Masturbation is
fun, healthy and safe. In fact, it's the safest form of sex you can practice.
You can't become pregnant or contract an STD from masturbating, nor will your
hands cheat on you, lie about how good it was, or spend all your money. If you're
one of the few who hasn't touched themselves, give it a try. What can it hurt?

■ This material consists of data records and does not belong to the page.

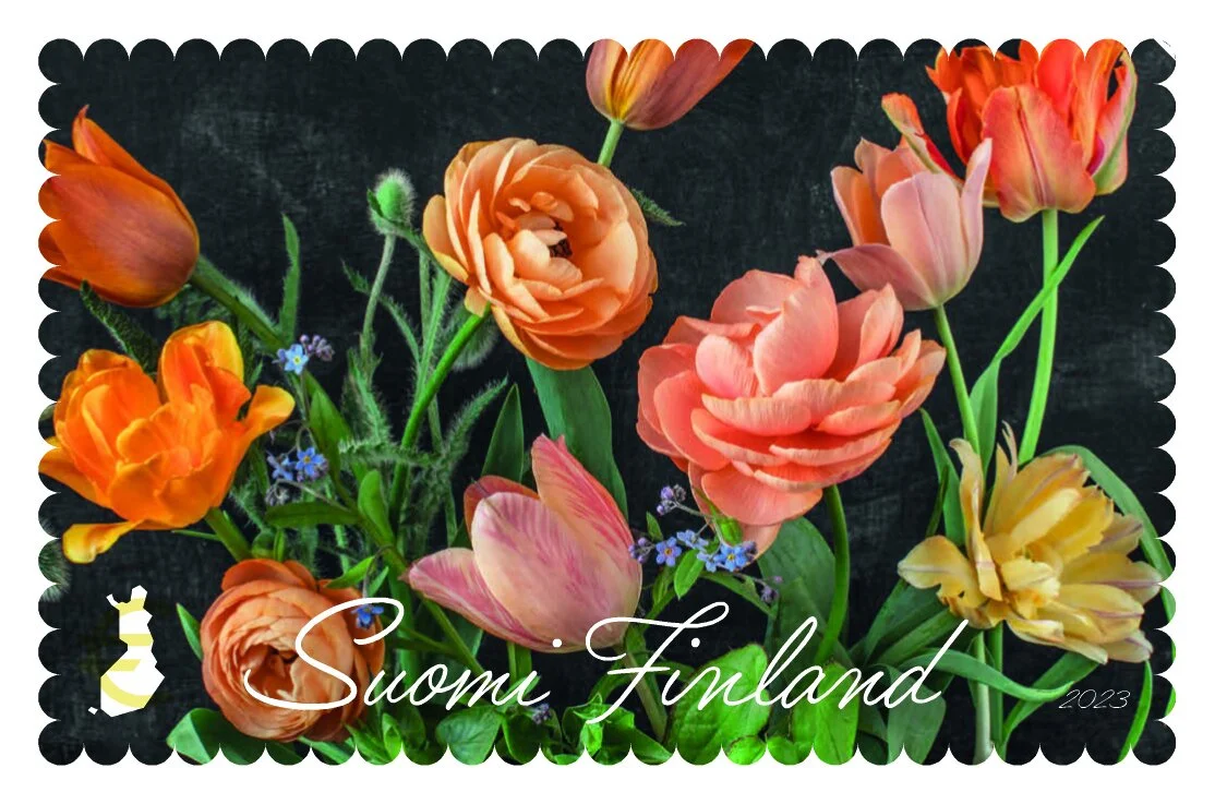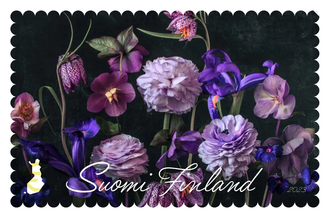 These two designs are a little bit different compared to my previous work. There are less flowers and they are horizontal. The reason is the small size of the postal stamp. It was quite challenge to make something so different. No layered flowers and vertical form. It was a very interesting journey and I learned a lot and I love how I had to challenge myself. One of the designs I made for the stamps will be in my upcoming exhibition Flora Favola in Poikilo museum. There will be 20 new photography works and two installation. That is the biggest exhibition I ever had. I hope you have time and possibility to come and see the exhibition. With me there is Heikki Marila’s gorgeous paintings. I am a big fan of his work. So this exhibition means a lot to me. Exhibition is open 21.9.2023 -7.1. 2024.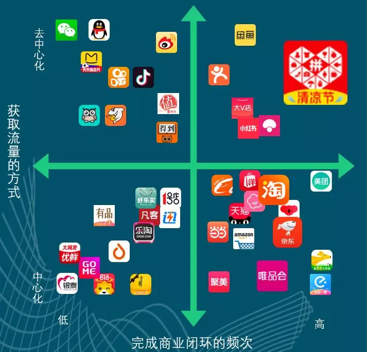 中心化模式的另一个弊端是获客成本。2015年,既有的电商品牌或者出于战略懒惰,或者出于战略优先级忽略了所谓的“小镇青年”“银发一族”“五环外人群”。其实,他们就是“先互联网起来一代人”的同族兄弟姐妹,父亲母亲舅舅婶婶,身边早晨六点第一班地铁上下班的人。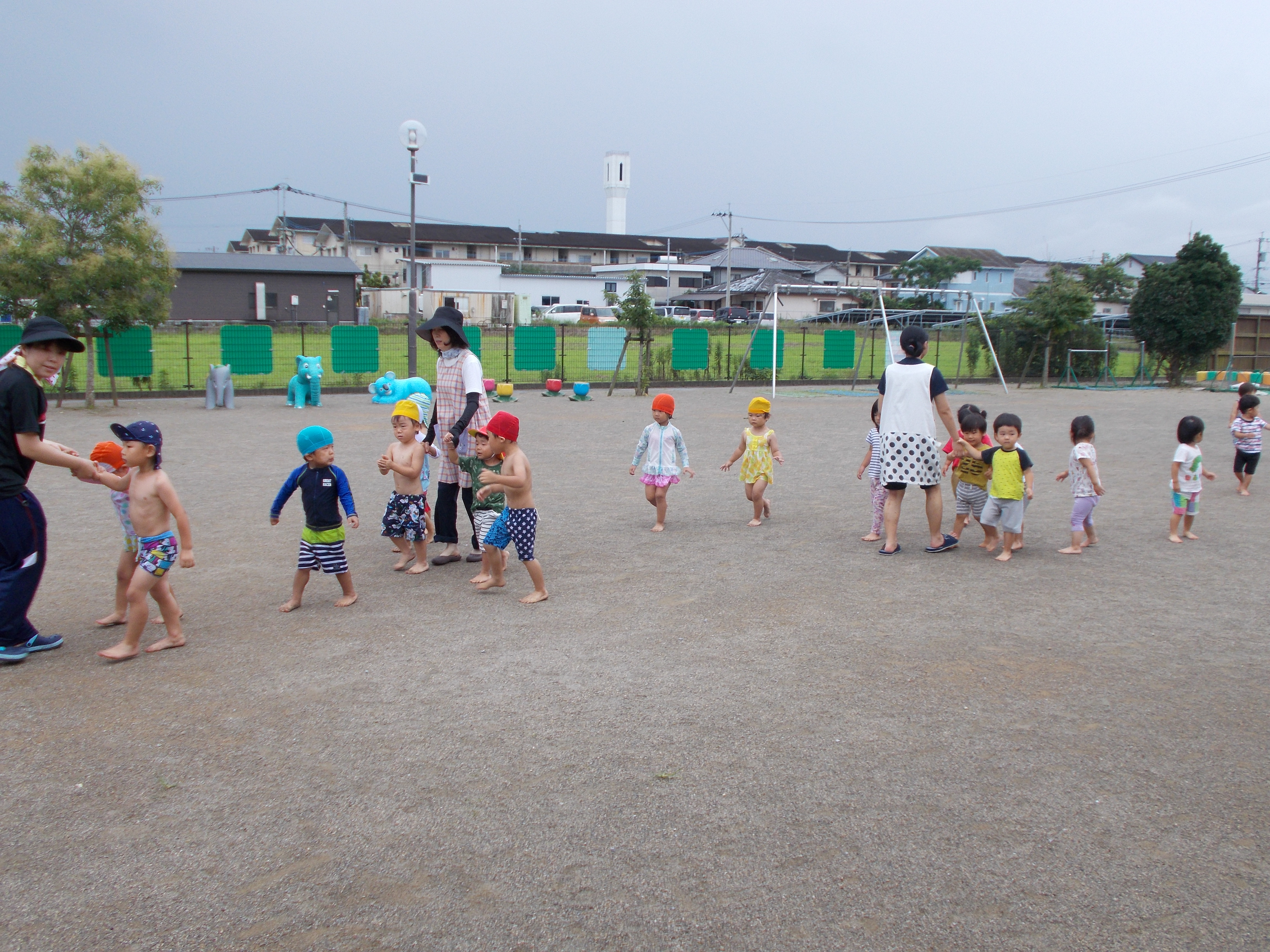 厨房からの出火を想定した訓練での避難の際は、年長クラスの子どもたちは自ら手で口を覆い玄関先まで避難しました。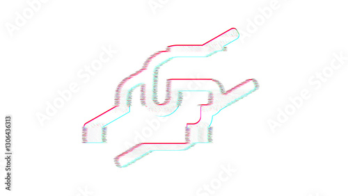 Icon hands helping is distorted. Glitch. Noise, chromatic aberration, geometric distortion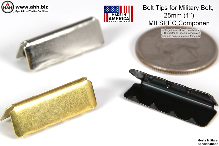 Search Terms / Also Called: Military Belt tips, 1 inch webb belt tips, 25mm belt tips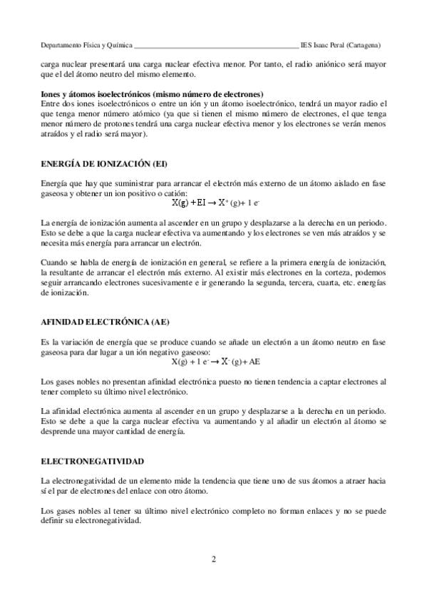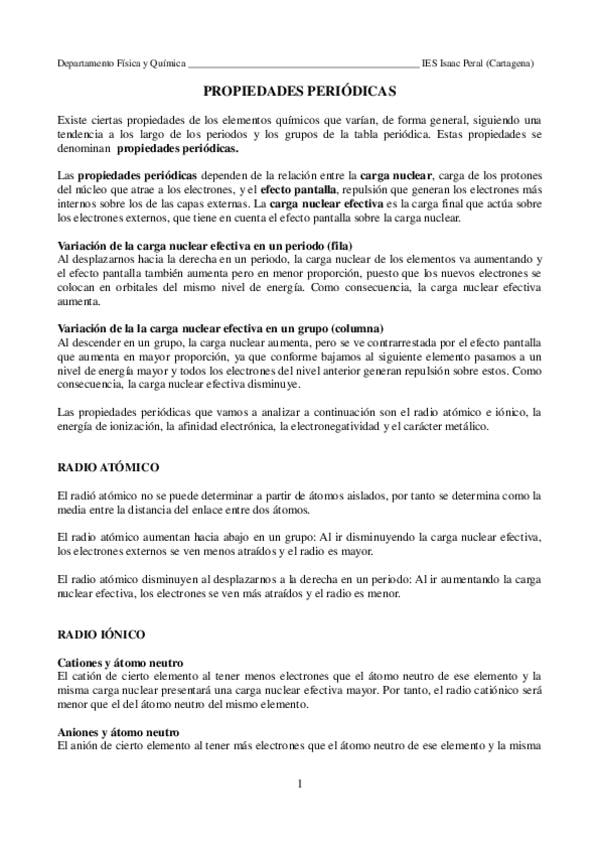 Apuntes de propiedades periódicas explicados de forma clara y directa. Incluye radio atómico, energía de ionización, afinidad electrónica, electronegatividad y carácter metálico, con sus tendencias en la tabla periódica. Ideal para entender y resolver ej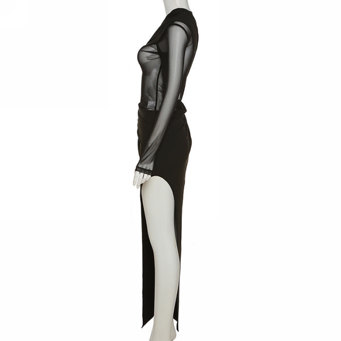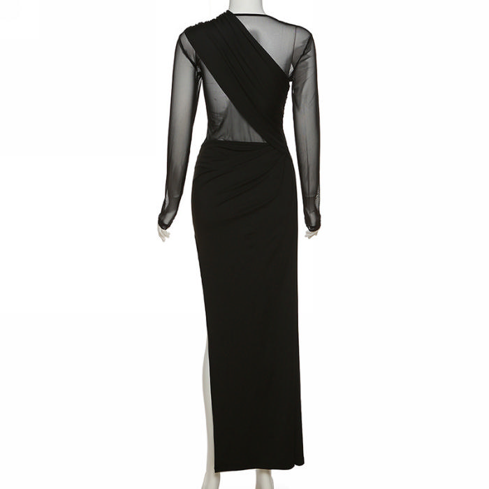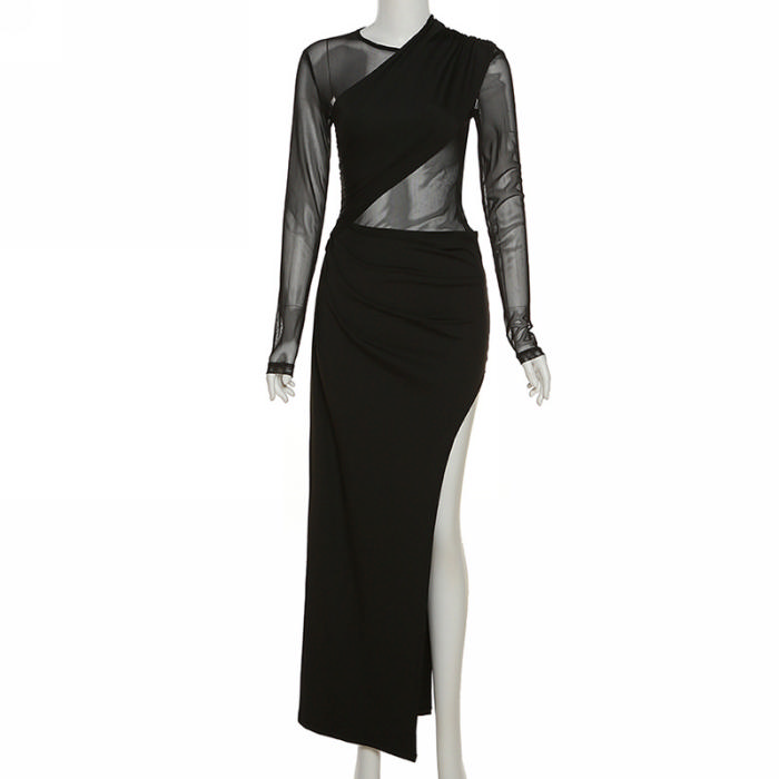 (Real Image)2022 Styles Women Fashion Summer TikTok&Instagram Styles Black Mesh Long Sleeve Maxi DressSKU: #CF48797-1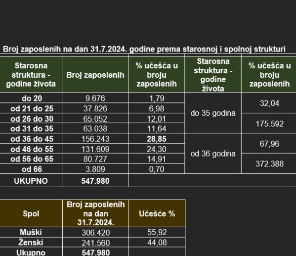 Broj zaposlenih do 35 godine je 175.592, ili 32,04%, a broj zaposlenih koji je stariji od 36 godina je 372.388 ili 67,96%. Na dan 31.7.2024. godine u Federaciji BiH zaposleno je 306.420 ili 55,92%, muškaraca i 241.560 žena ili 44,08%. Broj zaposlenih do 35 godine je 175.592, ili 32,04%, a broj zaposlenih koji je stariji od 36 godina je 372.388 ili 67,96%.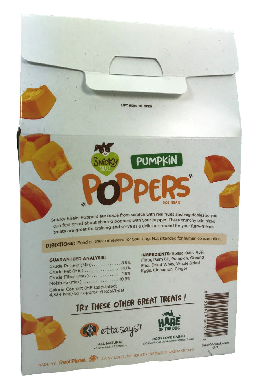 Snicky Snaks 10oz Poppers are made from scratch with wholesome ingredients so you can feel good about treating your dog! These crunchy, bite-sized treats are great for training and as a delicious reward for your dog every day. Go ahead, pop open a box and share some love!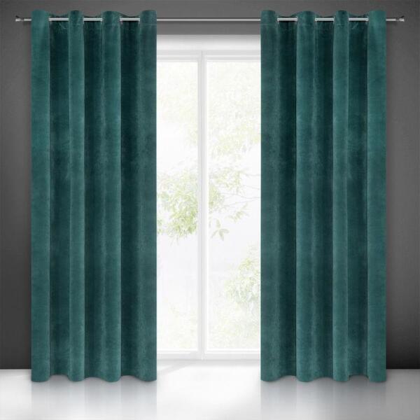 Sima felületű, egyszínű bársony sötétítő függöny, anyaga enyhén fénylik. 10 db nagy ringli biztosítja a könnyű és egyszerű felfüggesztést. Szélesség: 140 cm, hossz: 250 cm, színe: sötét türkiz. Grammsúly: 290 GSM. Összetétel: 100% poliészter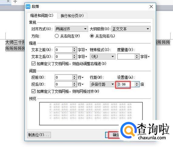 我们点击两下之后就无法点击下去了,最小设置值为0.06,之后我们点击确定按钮;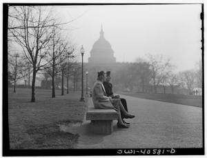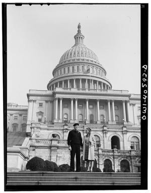Washington, D.C. Hugh and Lynn Massman sightseeing on their first day in Washington. Their baby is being taken care of in the nursery at the United Nations Service Center

At the worst, you won't care for it much. At best, you'll discover an exciting
new way to relieve stress, celebrate your body, relieve sexual tension and give
yourself a whole lotta pleasure.
Even if you've
been masturbating for years, a little variety never hurt anyone. Have you tried
using different kinds of
lube
when you masturbate? Most men have tried some
form of lubricant, but surprisingly few women have. Try a couple of different
brands and types... a little moisture adds a lot to the experience. What about
sex toys?
Many women have tried
vibrators,
dildos and
clitoral stimulators,
but few men have tried
sleeves or
penis pumps--all of which
can be a lot more fun than your bare hands. Whether you're a newbie or a pro
at self love, relax, take your pants off, and try some of these tricks for a
zestier solo sex experience.
Masturbation
Tips for Girls
If you're masturbating for the first time--or even if you're a seasoned pro--take
a few moments to relax, heighten your senses and explore your body. Dim the
lights, turn on some soft, sensual music, light a few candles and burn some
incense. You may feel a little silly making all these preparations just to have
sex with yourself, but try it at least once and see if you like it. Many women
are surprised at their bodies' responses to a sensual environment.
Once the room is
ready, remove your clothes and recline on the bed or sofa. Make sure you're
completely comfortable; try propping your elbows on a few pillows. Then begin
to explore your body. Stroke your breasts, belly and thighs. Feel your skin
raise into goosebumps as you become aroused by your own touch. Don't leave an
inch of skin unexplored: search out and touch all the places on your body you
don't consider to be "sexual," such as the backs of your knees, your
underarms, the crevice between your vulva and inner thighs. You'll soon find
out what turns you on.
When you're completely
comfortable with your body, move your hands between your legs. If this is difficult
or uncomfortable for you, start slow. Get out a hand mirror and a flashlight
and look at yourself. Many women have never done this before and have no idea
what they look like. In order to feel completely comfortable masturbating, you
need to understand your anatomy. Pull your labia apart and examine your clitoris
and vaginal opening. Try stroking your clitoris and watch what happens. As you
become aroused, blood will flow to your clitoris, enlarging it and turning it
a deep shade of red--much like a man's erect penis. The sensitive skin below
your clitoris, surrounding your vaginal opening, may become puckered, like the
goosebumps on your arms and legs. Don't worry! It's a perfectly natural response
to arousal.
As you become more
comfortable and aroused, set aside the mirror and flashlight and try to completely
relax. Continue to stroke your clitoris, mons pubis and vaginal opening. Concentrate
on the areas that feel the best. Once you are fully aroused, you'll most likely
become wet with vaginal lubrication. Try inserting a finger or two and see how
that feels. Some women enjoy penetration when masturbating, some don't. Neither
way is better. That's one of the joys of self-love--you can engage in only the
stimulation that you enjoy, nothing more and nothing less. You're in it for
yourself alone. Try different types of stimulation and see what feels best.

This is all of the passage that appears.